Provides the ability to get more meaninful text out of common OCR outputs. It manipulates the Bounding Boxes of lines to rebuild a page layout to approximate human-reading experience.
Current OCR engines responses are focus on text recall. Ocrlayout tries to go a step further by re-ordering the lines of text so it'd approach a human-reading behavior.
When images contains a lot of textual information, it becomes relevant to assemble the generated meaninful blocks of text enabling better scenarios.
Another way to see would be to cluster the lines of text based on their positions/coordinates in the original content.

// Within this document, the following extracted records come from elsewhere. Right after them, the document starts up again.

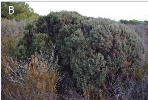
FIGURA 1. A: Aspecte de l'hàbitat litoral on creix Juniperus phoenicea var. forneri , Cala Argilaga (Peníscola, Castelló); B: exemplar d'aquesta varietat dins de la població castellonenca.

A: Habitat of Juniperus phoenicea var. forneri , Cala Argilaga (Peníscola, Castelló province, Spain); B: specimen of this variety from this population of Castelló province.
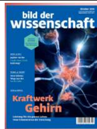
Bild der Wissenschaft Große Relaunch moderner, klarer und frischer! EVT : 18.09.18 VDZ Nr: 02164

Bitte in VOLL SICHT neben happinez platzieren!
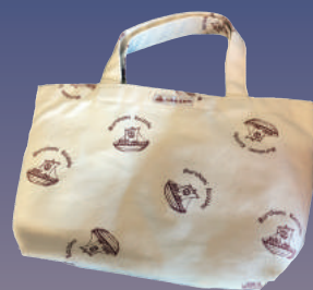
※写真はミニトートです。

～日本遺産認定記念～ 村上海賊船デザイン ・ポーチ… 500円 ・ミニトート…1,000円
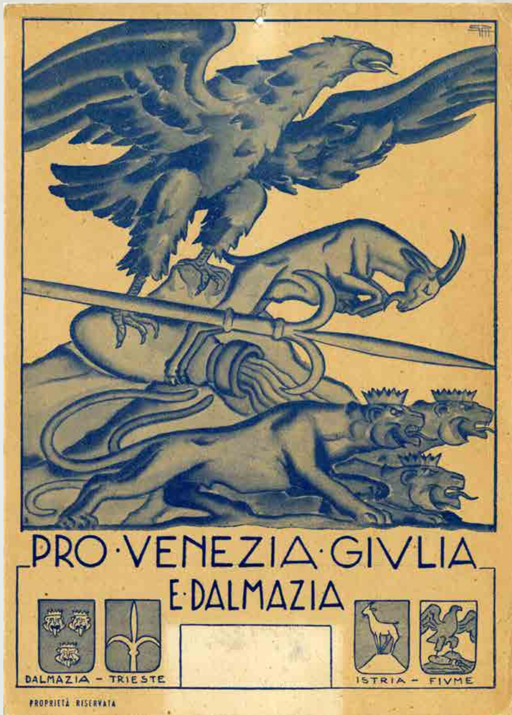
Pro Venezia Giulia e Dalmazia, locandina supporto per calendario murale, 1946/47

Un calendario segna il tempo di un anno, poi esaurisce la sua funzione. Per il 2022 abbiamo voluto oltrepassare la temporalità, lasciando un ricordo che possa rimanere più a lungo nelle vostre raccolte. È il frutto della collaborazione della Famiglia Umaghesa con l'IRCI, l'Istituto Regionale per la Cultura Istriano-Fiumano-Dalmata di Trieste, punta di diamante fra le Istituzioni che operano per conservare la nostra
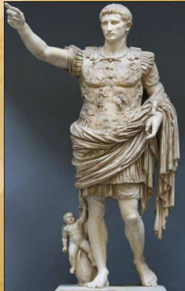
Император Август 27 г. до н.э.
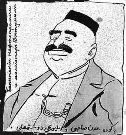
۱۱ ۱۱ ۱۱

- Text Analytics you may leverage any Text Analytics such as Key Phrases, Entities Extraction with more confidence of its outcome
- Accessibility : Any infographic becomes alive, overcoming the alt text feature.

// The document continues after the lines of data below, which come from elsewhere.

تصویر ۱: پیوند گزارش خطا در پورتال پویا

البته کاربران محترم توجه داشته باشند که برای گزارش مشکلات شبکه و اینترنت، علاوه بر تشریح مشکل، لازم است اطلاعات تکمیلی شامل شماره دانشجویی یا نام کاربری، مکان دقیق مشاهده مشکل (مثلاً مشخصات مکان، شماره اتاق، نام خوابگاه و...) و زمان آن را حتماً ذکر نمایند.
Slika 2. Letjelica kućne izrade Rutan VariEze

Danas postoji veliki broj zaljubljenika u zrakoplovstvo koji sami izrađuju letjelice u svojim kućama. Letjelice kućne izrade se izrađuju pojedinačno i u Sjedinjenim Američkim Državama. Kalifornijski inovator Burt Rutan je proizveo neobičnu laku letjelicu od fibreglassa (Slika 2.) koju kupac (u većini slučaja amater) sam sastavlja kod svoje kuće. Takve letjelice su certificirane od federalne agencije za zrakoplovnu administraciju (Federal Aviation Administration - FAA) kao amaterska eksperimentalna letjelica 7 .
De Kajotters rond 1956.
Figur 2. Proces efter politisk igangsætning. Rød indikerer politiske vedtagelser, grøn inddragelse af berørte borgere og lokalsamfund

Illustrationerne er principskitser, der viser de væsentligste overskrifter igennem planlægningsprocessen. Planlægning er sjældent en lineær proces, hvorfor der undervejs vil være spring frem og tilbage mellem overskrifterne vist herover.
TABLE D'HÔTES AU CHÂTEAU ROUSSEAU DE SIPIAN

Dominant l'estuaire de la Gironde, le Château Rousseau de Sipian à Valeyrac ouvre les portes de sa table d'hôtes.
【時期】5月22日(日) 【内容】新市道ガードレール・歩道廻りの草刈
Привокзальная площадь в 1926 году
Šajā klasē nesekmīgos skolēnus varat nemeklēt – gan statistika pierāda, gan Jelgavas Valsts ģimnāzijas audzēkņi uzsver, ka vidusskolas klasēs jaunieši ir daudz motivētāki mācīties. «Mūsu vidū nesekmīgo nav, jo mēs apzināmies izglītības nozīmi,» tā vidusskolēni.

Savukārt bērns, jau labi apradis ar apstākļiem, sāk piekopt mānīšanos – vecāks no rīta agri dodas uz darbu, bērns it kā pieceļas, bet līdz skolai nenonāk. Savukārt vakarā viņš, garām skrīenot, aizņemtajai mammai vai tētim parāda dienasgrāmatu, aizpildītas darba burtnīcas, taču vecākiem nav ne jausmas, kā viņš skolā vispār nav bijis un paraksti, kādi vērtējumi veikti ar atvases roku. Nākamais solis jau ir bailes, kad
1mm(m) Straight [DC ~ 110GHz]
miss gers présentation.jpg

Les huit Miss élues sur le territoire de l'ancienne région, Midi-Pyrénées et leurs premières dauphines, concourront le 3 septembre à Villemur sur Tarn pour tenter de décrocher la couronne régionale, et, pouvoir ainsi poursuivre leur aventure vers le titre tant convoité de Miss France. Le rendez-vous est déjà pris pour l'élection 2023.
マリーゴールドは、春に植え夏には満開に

- Read Aloud feature : it becomes easier to build solutions to read aloud an image, increasing verbal narrative of visual information.
- Machine Translation : get more accurate MT output as you can retain more context.
- Sentences/Paragraph Classification: from scanned-base images i.e. contracts, having a more meaninful textual output allows you to classify it at a granular level in terms of risk, personal clause or conditions.
Today bboxhelper supports the output of
- Azure Batch Read API response. https://docs.microsoft.com/en-us/azure/cognitive-services/computer-vision/concept-recognizing-text#read-api
- Azure Computer Vision SDK Python Sample https://github.com/Azure/azure-sdk-for-python/tree/76a0d91c32a79561a7d5666e421908e7c4cffc6a/sdk/cognitiveservices/azure-cognitiveservices-vision-computervision
- Google Vision API Detect Text https://cloud.google.com/vision/docs/ocr https://cloud.google.com/vision/docs/ocr#vision_text_detection-python
- Google Vision Python Sample https://github.com/GoogleCloudPlatform/python-docs-samples/blob/master/vision/cloud-client/document_text/doctext.py
- AWS Textract Detects text in the input document. Amazon Textract can detect lines of text and the words that make up a line of text. The input document must be an image in JPEG or PNG format. https://aws.amazon.com/textract/features/ https://docs.aws.amazon.com/textract/latest/dg/how-it-works-detecting.html https://docs.aws.amazon.com/textract/latest/dg/API_DetectDocumentText.html
Our goal here is not to conduct a comparison between Azure, Google or AWS Computer Vision API but to provide a consistent way to output OCR text for further processing regardless of the underlying OCR Engine.
More information to get started can be found documentation of this repository: documentation.
PyPi Install (https://pypi.org/project/ocrlayout/)
pip install ocrlayout
If you need more hands-on examples on how to use this library check out our recipes
More information on known limitations.
- hOCR Suppport https://en.wikipedia.org/wiki/HOCR tools
This project welcomes contributions and suggestions.
This project has adopted the Microsoft Open Source Code of Conduct.
For more information see the Code of Conduct FAQ.
THIS CODE IS PROVIDED AS IS WITHOUT WARRANTY OF ANY KIND, EITHER EXPRESS OR IMPLIED, INCLUDING ANY IMPLIED WARRANTIES OF FITNESS FOR A PARTICULAR PURPOSE, MERCHANTABILITY, OR NON-INFRINGEMENT.